>>>>>

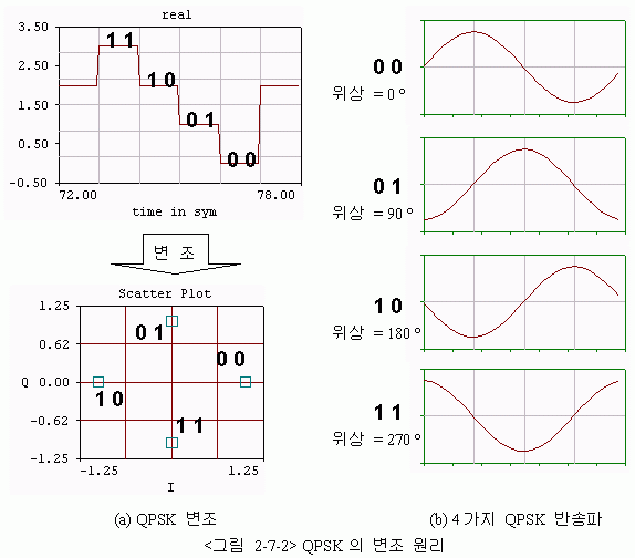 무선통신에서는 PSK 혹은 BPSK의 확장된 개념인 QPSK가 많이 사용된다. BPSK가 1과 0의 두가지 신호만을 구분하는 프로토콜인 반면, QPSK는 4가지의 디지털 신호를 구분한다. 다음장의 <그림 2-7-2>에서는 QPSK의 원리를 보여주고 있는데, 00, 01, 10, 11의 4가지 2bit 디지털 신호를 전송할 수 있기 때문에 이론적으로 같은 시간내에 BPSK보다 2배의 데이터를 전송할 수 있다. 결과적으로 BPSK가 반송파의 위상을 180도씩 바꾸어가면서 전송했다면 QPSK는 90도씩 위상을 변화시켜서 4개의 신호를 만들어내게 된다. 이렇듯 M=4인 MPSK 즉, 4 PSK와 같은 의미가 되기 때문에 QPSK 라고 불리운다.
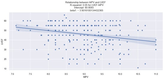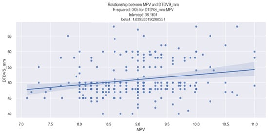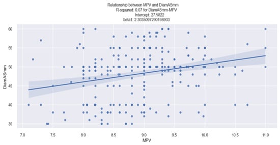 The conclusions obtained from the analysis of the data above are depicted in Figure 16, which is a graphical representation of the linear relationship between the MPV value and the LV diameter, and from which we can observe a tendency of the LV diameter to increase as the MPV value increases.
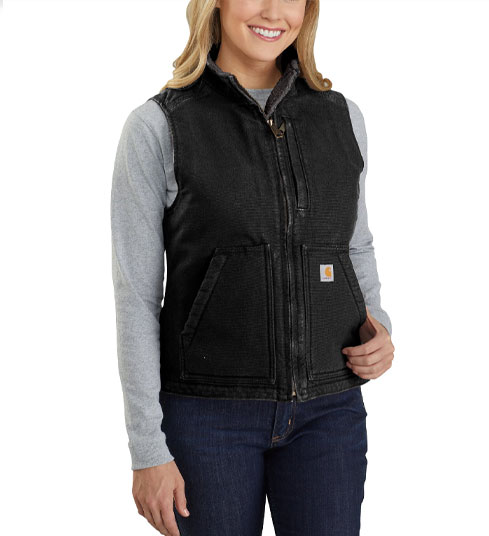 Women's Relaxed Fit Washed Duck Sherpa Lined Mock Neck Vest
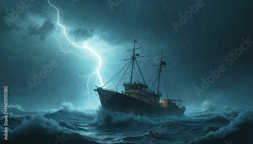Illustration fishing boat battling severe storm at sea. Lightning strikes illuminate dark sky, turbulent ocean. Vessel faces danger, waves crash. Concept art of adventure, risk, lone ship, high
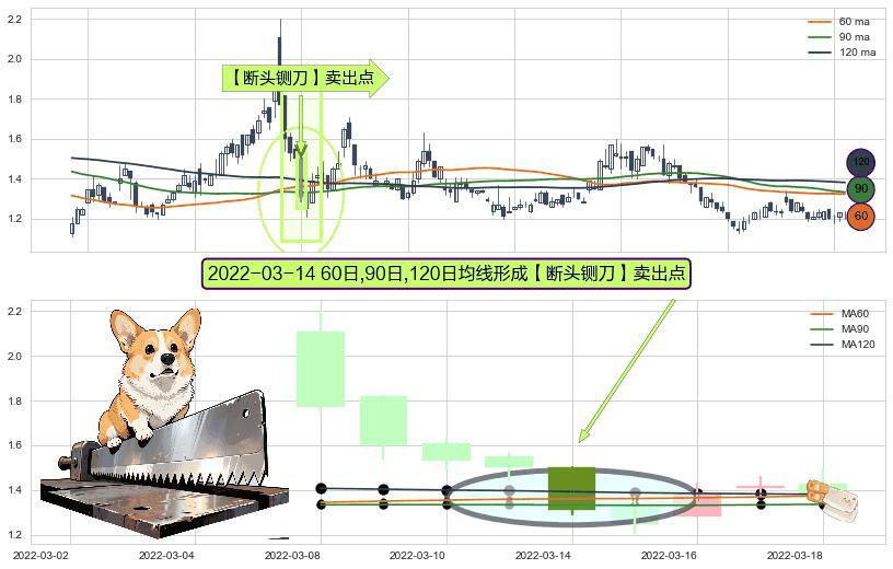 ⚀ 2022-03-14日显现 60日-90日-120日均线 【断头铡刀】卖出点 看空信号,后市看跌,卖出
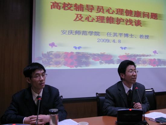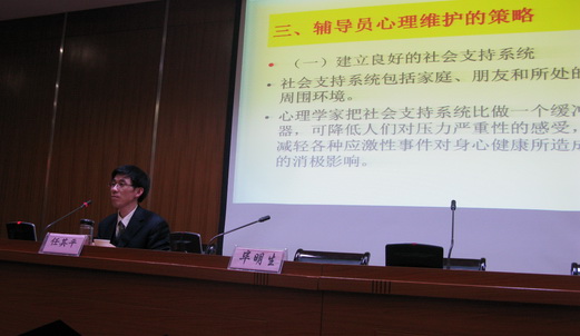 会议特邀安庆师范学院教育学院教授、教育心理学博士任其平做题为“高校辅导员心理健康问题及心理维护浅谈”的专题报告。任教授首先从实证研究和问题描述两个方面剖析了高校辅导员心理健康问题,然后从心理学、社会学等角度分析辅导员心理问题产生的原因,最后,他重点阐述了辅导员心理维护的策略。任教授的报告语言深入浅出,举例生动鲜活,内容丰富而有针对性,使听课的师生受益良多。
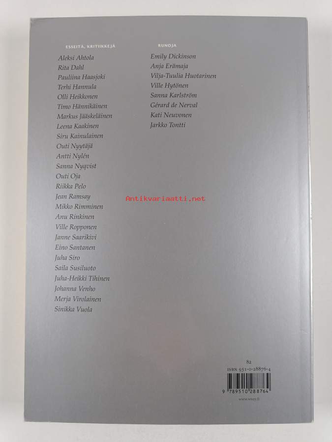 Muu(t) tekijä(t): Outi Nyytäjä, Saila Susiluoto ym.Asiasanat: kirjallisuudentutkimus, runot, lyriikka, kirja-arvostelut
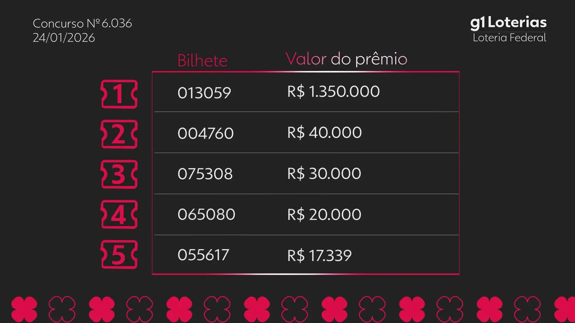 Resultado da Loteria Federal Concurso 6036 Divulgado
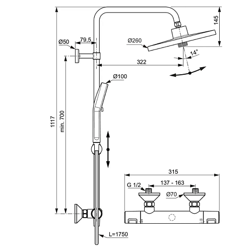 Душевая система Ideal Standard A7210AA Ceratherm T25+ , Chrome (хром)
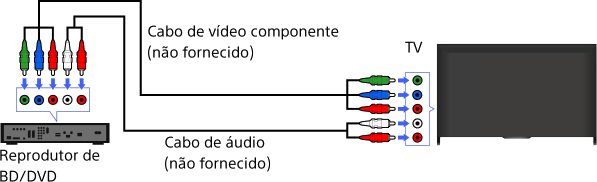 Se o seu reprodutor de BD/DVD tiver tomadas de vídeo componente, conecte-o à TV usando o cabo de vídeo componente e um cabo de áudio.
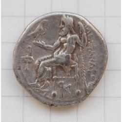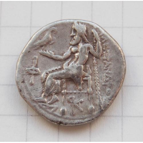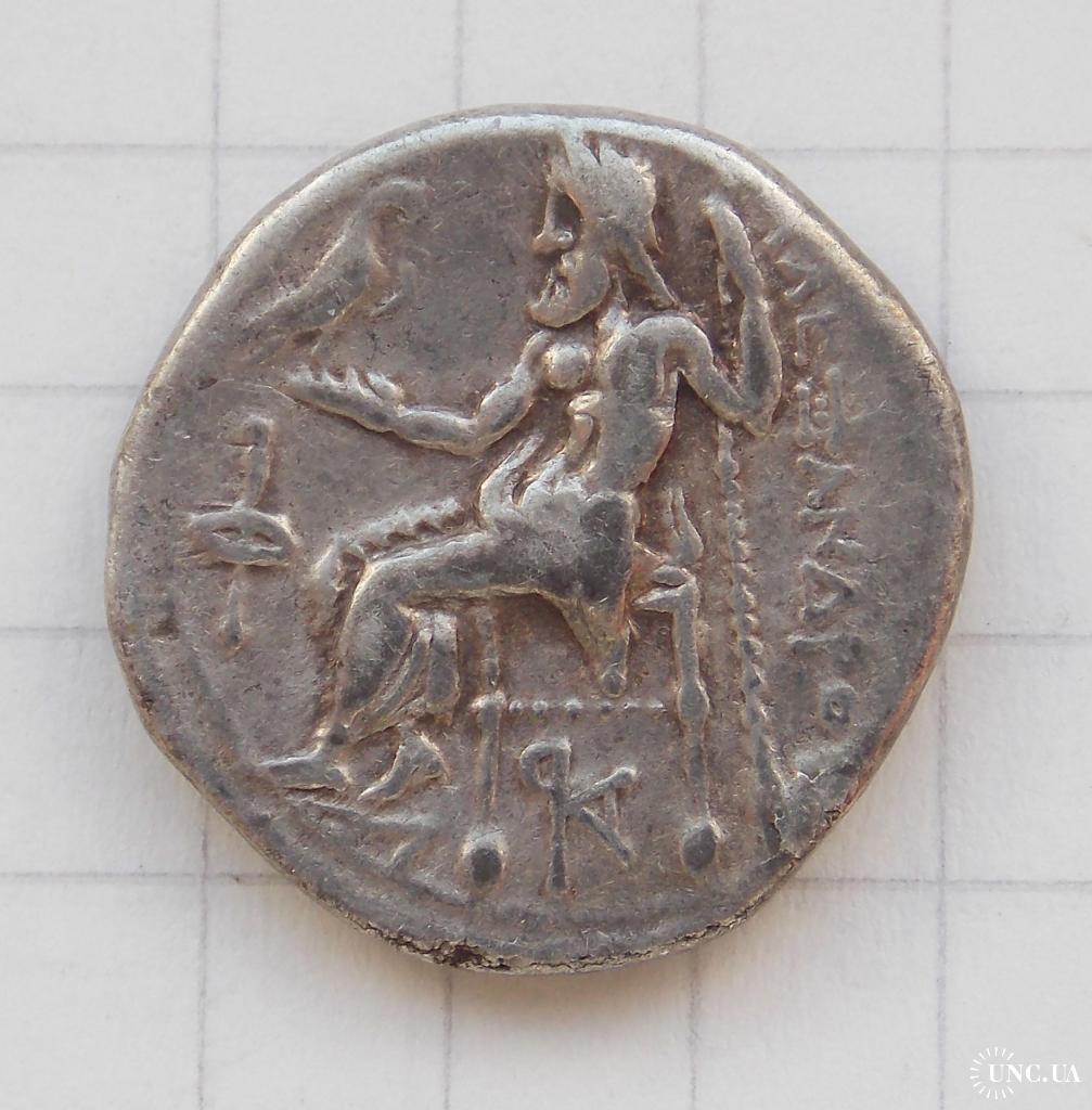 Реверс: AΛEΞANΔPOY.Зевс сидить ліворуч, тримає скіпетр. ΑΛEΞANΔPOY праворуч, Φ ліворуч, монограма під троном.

<<<<<
>>>>>

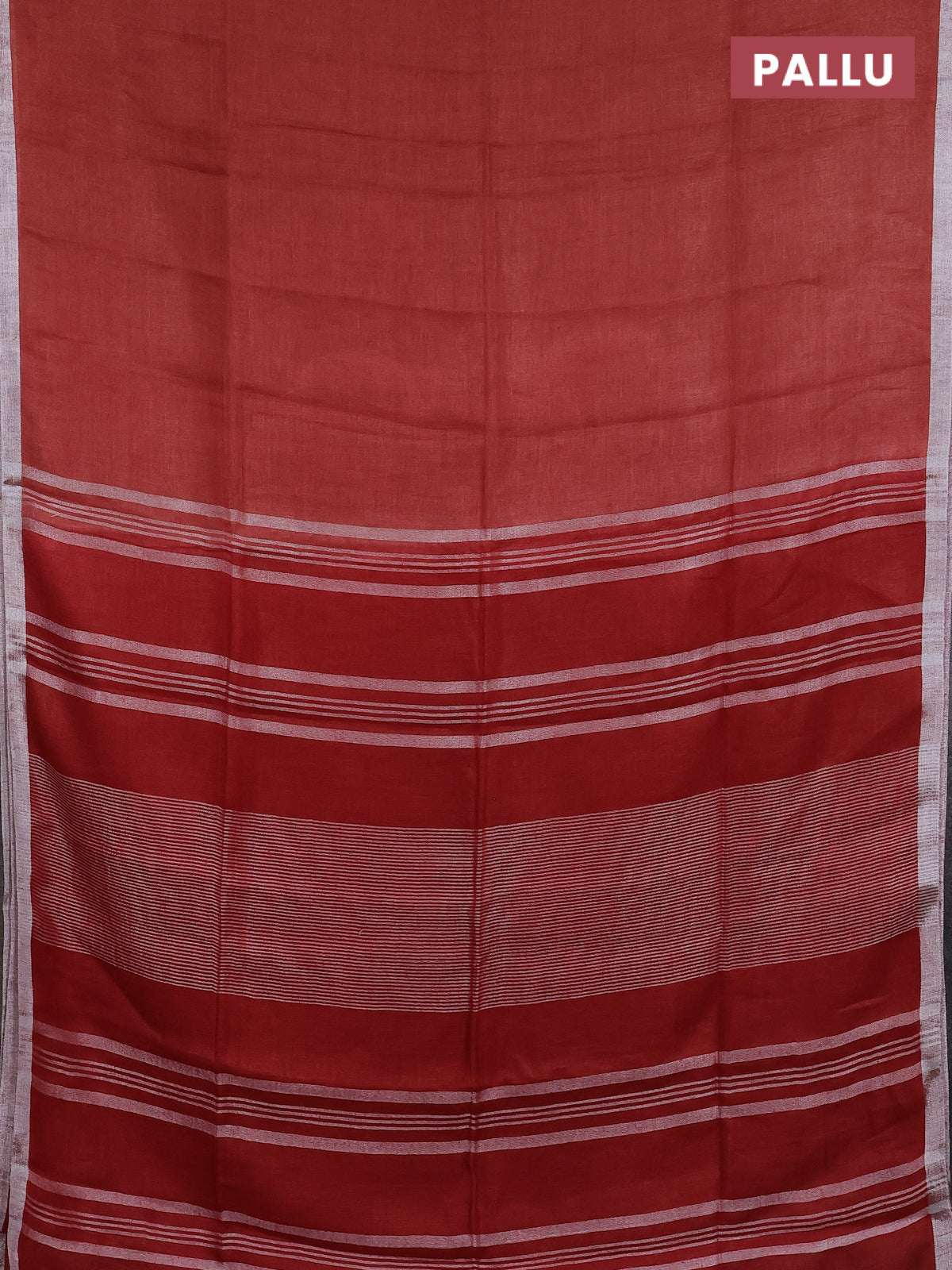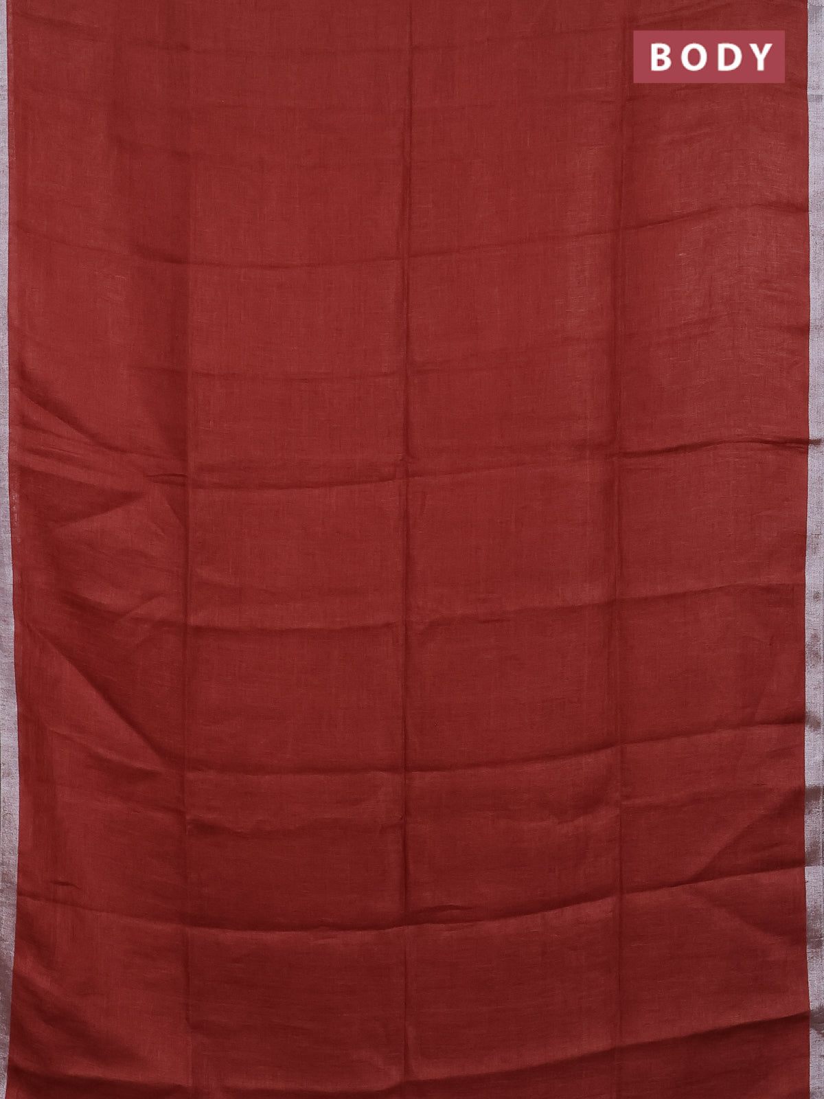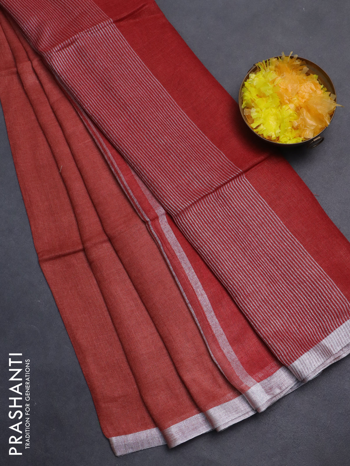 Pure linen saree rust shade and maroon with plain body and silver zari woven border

<<<<<
>>>>>

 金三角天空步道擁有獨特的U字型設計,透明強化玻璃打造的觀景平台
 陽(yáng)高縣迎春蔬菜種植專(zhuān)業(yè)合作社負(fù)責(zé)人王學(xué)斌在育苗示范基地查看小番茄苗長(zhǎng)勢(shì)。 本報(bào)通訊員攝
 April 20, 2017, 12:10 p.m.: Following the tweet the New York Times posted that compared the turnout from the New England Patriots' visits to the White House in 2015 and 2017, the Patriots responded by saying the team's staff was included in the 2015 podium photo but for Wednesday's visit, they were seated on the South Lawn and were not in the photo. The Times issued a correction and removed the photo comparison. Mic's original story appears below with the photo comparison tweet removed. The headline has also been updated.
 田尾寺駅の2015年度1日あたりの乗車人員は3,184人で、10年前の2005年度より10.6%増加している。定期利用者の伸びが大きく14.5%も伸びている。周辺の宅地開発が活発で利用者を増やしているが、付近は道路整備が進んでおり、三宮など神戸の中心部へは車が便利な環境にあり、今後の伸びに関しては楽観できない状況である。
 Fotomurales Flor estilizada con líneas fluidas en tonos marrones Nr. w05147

<<<<<

Directions: Reproduce, word for word, everything in the listing above from the line containing "무선통신에서는 PSK 혹은" down to the line containing "Illustration fishing boat", both of them included. No pictures.

Exercise result:
 무선통신에서는 PSK 혹은 BPSK의 확장된 개념인 QPSK가 많이 사용된다. BPSK가 1과 0의 두가지 신호만을 구분하는 프로토콜인 반면, QPSK는 4가지의 디지털 신호를 구분한다. 다음장의 <그림 2-7-2>에서는 QPSK의 원리를 보여주고 있는데, 00, 01, 10, 11의 4가지 2bit 디지털 신호를 전송할 수 있기 때문에 이론적으로 같은 시간내에 BPSK보다 2배의 데이터를 전송할 수 있다. 결과적으로 BPSK가 반송파의 위상을 180도씩 바꾸어가면서 전송했다면 QPSK는 90도씩 위상을 변화시켜서 4개의 신호를 만들어내게 된다. 이렇듯 M=4인 MPSK 즉, 4 PSK와 같은 의미가 되기 때문에 QPSK 라고 불리운다.
 The conclusions obtained from the analysis of the data above are depicted in Figure 16, which is a graphical representation of the linear relationship between the MPV value and the LV diameter, and from which we can observe a tendency of the LV diameter to increase as the MPV value increases.
 Women's Relaxed Fit Washed Duck Sherpa Lined Mock Neck Vest
Illustration fishing boat battling severe storm at sea. Lightning strikes illuminate dark sky, turbulent ocean. Vessel faces danger, waves crash. Concept art of adventure, risk, lone ship, high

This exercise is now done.